В море вышли в тот небольшой кусочек тьмы, который еще остался от полярной ночи.
Густой предутренний туман плотно окутывает водную поверхность, скрывая и линию горизонта, и волны, и берег. Кажется, что все вокруг накрыто плотным футляром из холодного влажного войлока. Только где-то за кормой слабо мерцает голубой отсвет сигнального маяка с Кильдина. Скоро гаснет и он. Остается одно:
грохочущая необъятность открытого моря.
И в центре — мы.

Вновь я переживаю это странное ощущение — чужой корабль. Кажется, все тут знакомо до винтика: тот же тип лодки, те же механизмы, тот же распорядок жизни. Лодка идет полным надводным ходом. Я вижу спину моториста в пятом отсеке. Он сидит перед пультом управления и чутко прислушивается к ритму работы дизеля. И мне кажется, что это Сергей Махов. В центральном посту возле столика с морскими картами видна фигура штурмана. У него такое же сосредоточенное лицо, как и у нашего Капитонова, когда он занят прокладкой. Четвертый отсек, как всегда, — царство сна. Все то же — и не то. Даже приборы.

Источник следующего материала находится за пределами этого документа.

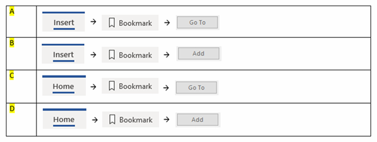 Q39. There are a couple of bookmarks in this document. How do you create these bookmarks?
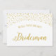 Will you be my bridesman wedding proposal card in gold confetti and calligraphy text. For a cohesive look, visit my store to see the whole collections of our confetti wedding signs.
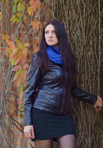 Keywords: girl autumn stroll photoshoot blue shawl outdoors
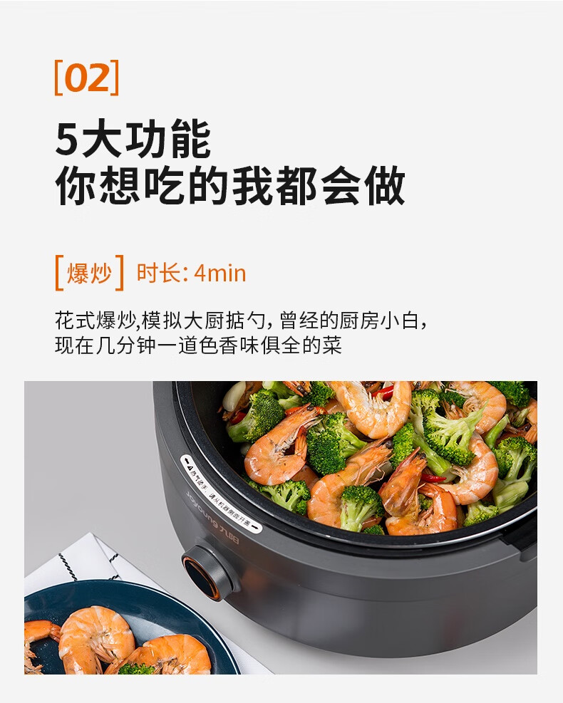 九阳(Joyoung)炒菜机机器人家用多用途锅电炒锅自动翻炒无油烟精准控温智能烹饪不粘内胆
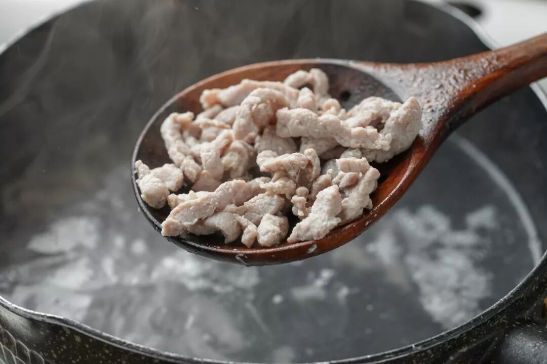 2、猪肉丝沸水入锅,焯水至变色后捞出备用。
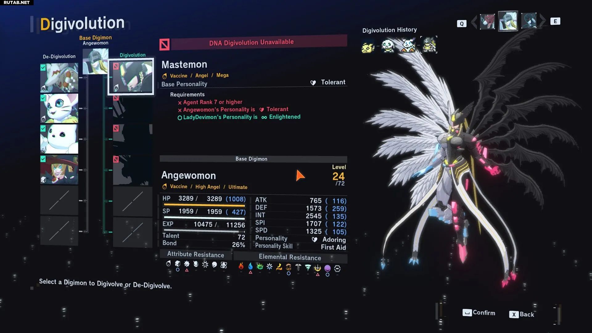 Мастемон | Анджевомон + ЛедиДевимон | Ранг Агента 6+; Анджевомон + ЛедиДевимон в группе | Ранг Агента 7+; Анджевомон (Терпимый) + ЛедиДевимон (Просветлённый) |
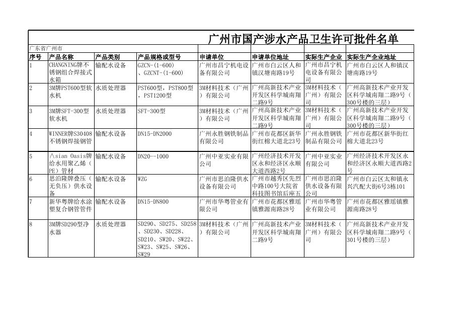 广州市涉水产品卫生许可批件名单(更新至2022.5.31).xls
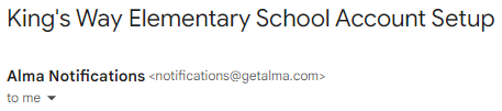 - You will receive a email from "Alma Notifications" (notifications@getalma.com) with the subject: "King's Way (Elementary/Middle/High School) Account Setup"
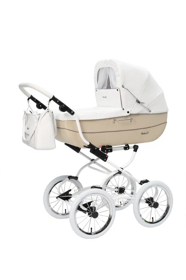 Коляска Reindeer Vintage, set 1 люлька на раме, цвет белый+бежевый V-3 (рама серебро с черными колесами), всесезон 62 900 ₽
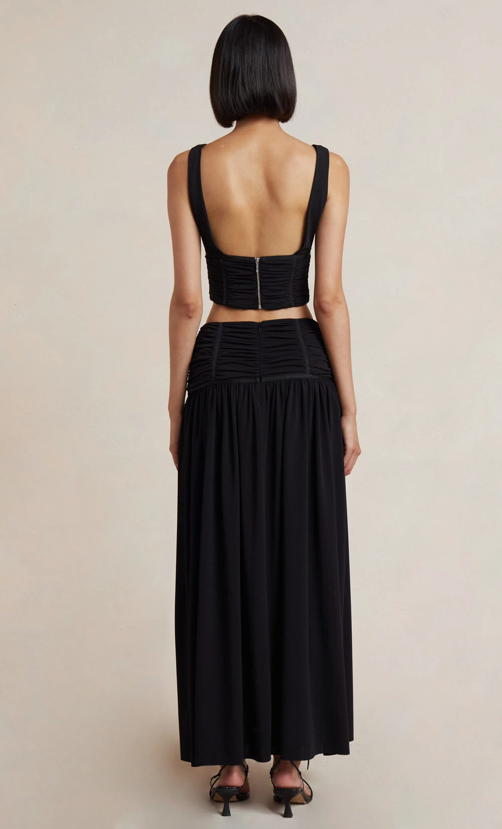 The Gwen Skirt is cut from a fluid crepe fabric and designed to be fitted at the high waist. This eventwear style features a gathered drop waist paneling that flows into a maxi length, finished with a front side split leg. Styled with our matching Gwen Top.

Первые сутки похода промелькнули для меня чертовски быстро, вероятно потому, что я все их угробил на возню с приборами. Они — в ужасном состоянии. В камере лага оказывается вода, и мне приходится поднимать его, менять масло, промывать вертушку и опускать снова. Упорно отклоняются от курса три репитера гирокомпаса, причем один из них —  ходовой, рубочный. С ним мне особенно пришлось повозиться. Репитер из рубки я перебрал, перепаял концы, а шаг-мотор даже промыл спиртом (!), выданным на поход. И он заработал. защелкал, вызвав одобрительную ухмылку на лице старпома.
Это меня так окрылило, что я перебрал и курсограф, который у них сроду не работал. Последний мой «подвиг» вызвал веселье всего экипажа. Позже выяснилось, что рулевые специально вывели курсограф из строя. Прибор этот механически ведет запись курса лодки, и рулевые называют его «кляузником»: он отмечает все их «виляния» на руле.

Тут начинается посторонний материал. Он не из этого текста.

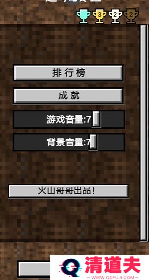 2、点击主页面的“选项”,可以看排行榜和成就,还能调节游戏音量。
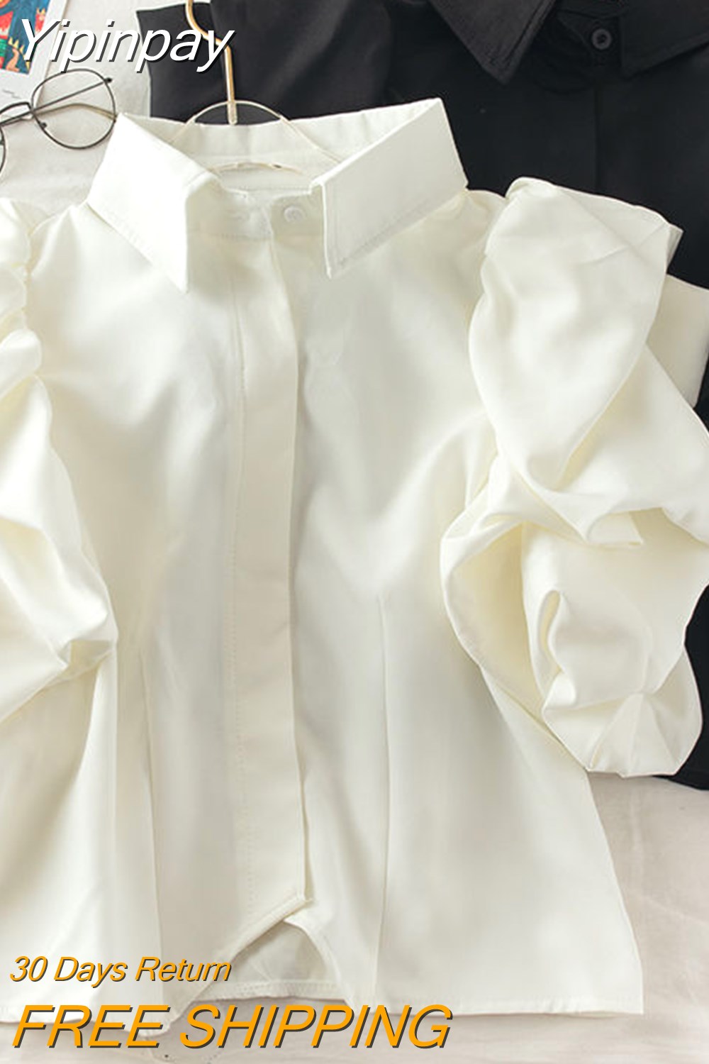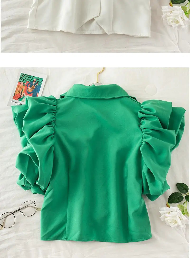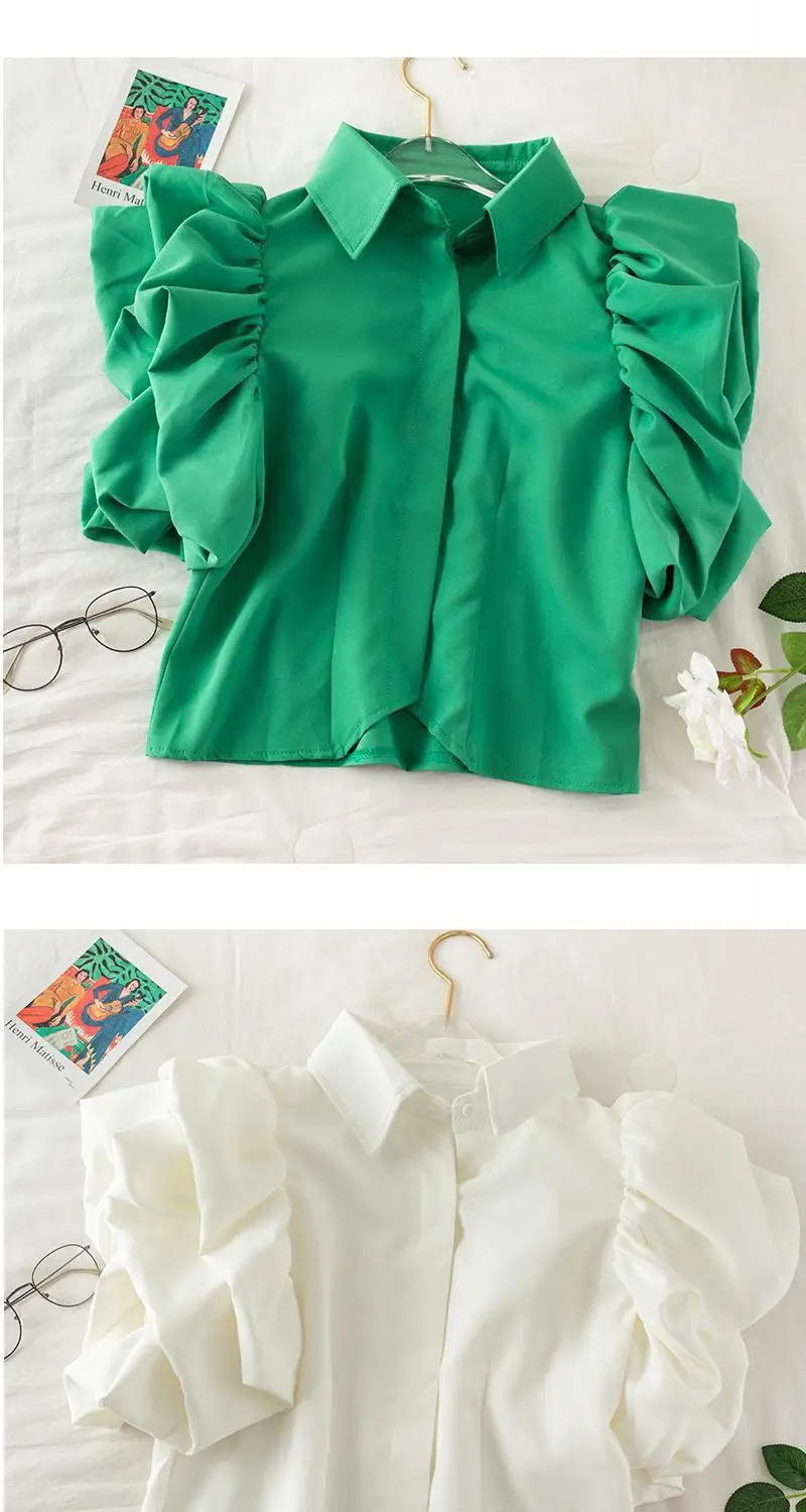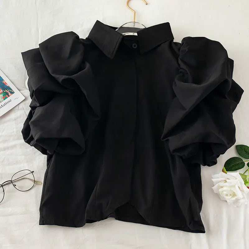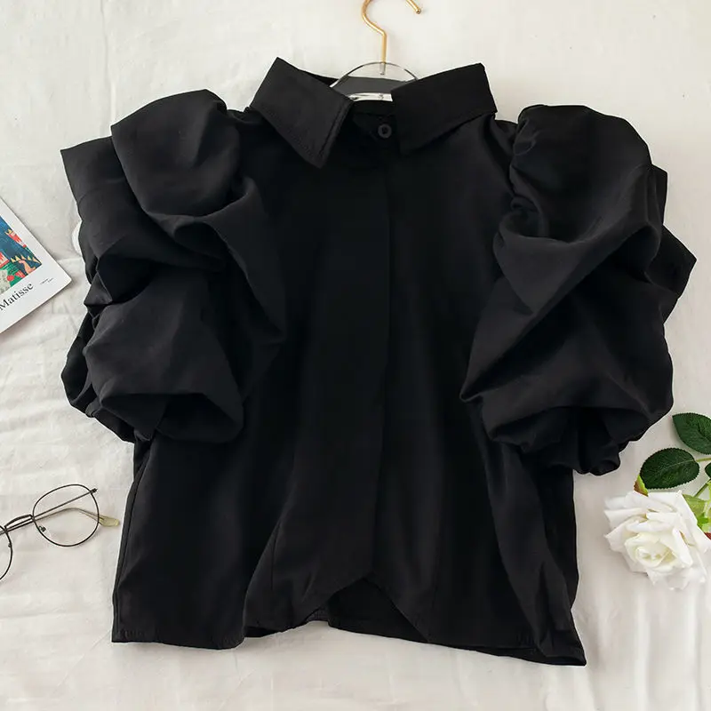 Yipinpay Camisas Tops Mujer 2023 Shirts for Women Lantern Short Sleeve Blouse Black White Roupas Femininas Blusas Pleated Ruffled

Ну, и спал же я потом ночь! Меня даже не разбудили менять патроны регенерации. Кто-то сделал это за меня.

23 апреля
Позиция много севернее Варангер-фиорда.
Я так и не разобрал, где именно. Чудак-штурман спрятал карту. Ха! Великая тайна!

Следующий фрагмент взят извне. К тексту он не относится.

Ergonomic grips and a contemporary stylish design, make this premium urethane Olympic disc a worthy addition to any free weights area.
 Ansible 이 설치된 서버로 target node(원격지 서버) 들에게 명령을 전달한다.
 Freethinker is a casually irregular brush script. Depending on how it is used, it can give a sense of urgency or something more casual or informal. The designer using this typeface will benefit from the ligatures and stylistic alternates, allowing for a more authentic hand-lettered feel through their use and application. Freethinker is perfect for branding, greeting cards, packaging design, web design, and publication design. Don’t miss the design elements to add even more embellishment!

А грустное это дело — полярный день. На зарядку аккумуляторов приходится уходить далеко в море. Но и там проклятые «Арадо» не дают покоя.
Сегодня весь день вокруг лодки рвались глубинные бомбы. Иногда довольно близко. Бомбежка беспорядочная и явно на «авось». Но от этого не легче. От близких разрывов гирокомпас часто выходит из меридиана, и мне приходится прилагать немало усилий, чтобы привести его в норму. Но хуже всех ведет себя лаг: после каждой бомбы он чертиком выскакивает из камеры, пугая мотористов.
Командир возмущается в рубке у перископа:
— Нет, вы только подумайте, какая наглость! — говорит он.— Ведь это паршивые мотоботы бомбами забавляются.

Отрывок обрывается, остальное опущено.